Interested in similar patents?

Get notified when new applications in this technology area are published.

Create Free Alert

Classification:

Description

TECHNICAL FIELD

The present disclosure relates to a learning device, a learning method, and a learning program.

BACKGROUND ART

In machine learning, a technique for extracting a machine learning model with high prediction accuracy from a plurality of machine learning models is known. For example, PTL 1 describes a technique for automatically extracting a learning model with higher accuracy from a plurality of learning models at high speed while reducing a load on resources of a computer.

CITATION LIST

Patent Literature

[PTL 1] Japanese Patent No. 6801149

SUMMARY OF INVENTION

Technical Problem

In reinforcement learning, in a problem that rewards are sparse or a problem that a high-dimensional state is included, learning is not stably performed. As a result, it is not guaranteed that a model will converge to a good performance as the learning process progresses. In a case of the problem that rewards are sparse, in order to promote learning, it is necessary to design dense rewards based on an empirical rule of a designer. Further, depending on the rewards, learning may be excessively performed to acquire more rewards as compared with rewards obtained in a case where an original goal is achieved. In this case, the learning model may converge to a model having a high acquisition reward but a low performance. On the other hand, even in a case where the learning model does not converge or converges to an unintended model, a model of which the performance is temporarily good may be obtained in the process of learning. In a case of evaluating a model being trained in detail, it is necessary to temporarily stop the learning processing during learning and to confirm the generalization performance using test data.
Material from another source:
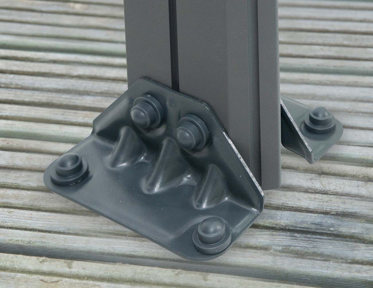 • Anchoring and foot-pads included – structure can be relocated and anchored to any surface • Sturdy aluminum posts

As a result, there is a problem in that a large amount of calculation time is required and a large amount of computer resources are occupied.

Therefore, an object of the present disclosure is to provide a learning device, a learning method, and a learning program capable of appropriately selecting a learning model having a good performance from among learning models being trained.

Solution to Problem

According to the present disclosure, there is provided a learning device that performs learning of a learning model of an agent, the learning device including: a reinforcement learning unit that performs learning of the learning model such that a reward assigned to the agent under a predetermined environment is maximized; an evaluation index value calculation unit that calculates a first index value and a second index value of the learning model; and a model extraction unit that extracts, as a trained model, the learning model in which the number of learning steps is equal to or larger than a predetermined number, in which the model extraction unit selects, as the trained model to be evaluated, the trained model in which each of the first index value and the second index value satisfies a predetermined condition, from the trained models.

According to the present disclosure, there is provided a learning method of performing learning of a learning model of an agent by using a learning device, the learning method including: a step of performing learning of the learning model such that a reward assigned to the agent under a predetermined environment is maximized; a step of calculating a first index value and a second index value of the learning model; a step of extracting, as a trained model, the learning model in which the number of learning steps is equal to or larger than a predetermined number; and a step of selecting, as the trained model to be evaluated, the trained model in which each of the first index value and the second index value satisfies a predetermined condition, from the trained models.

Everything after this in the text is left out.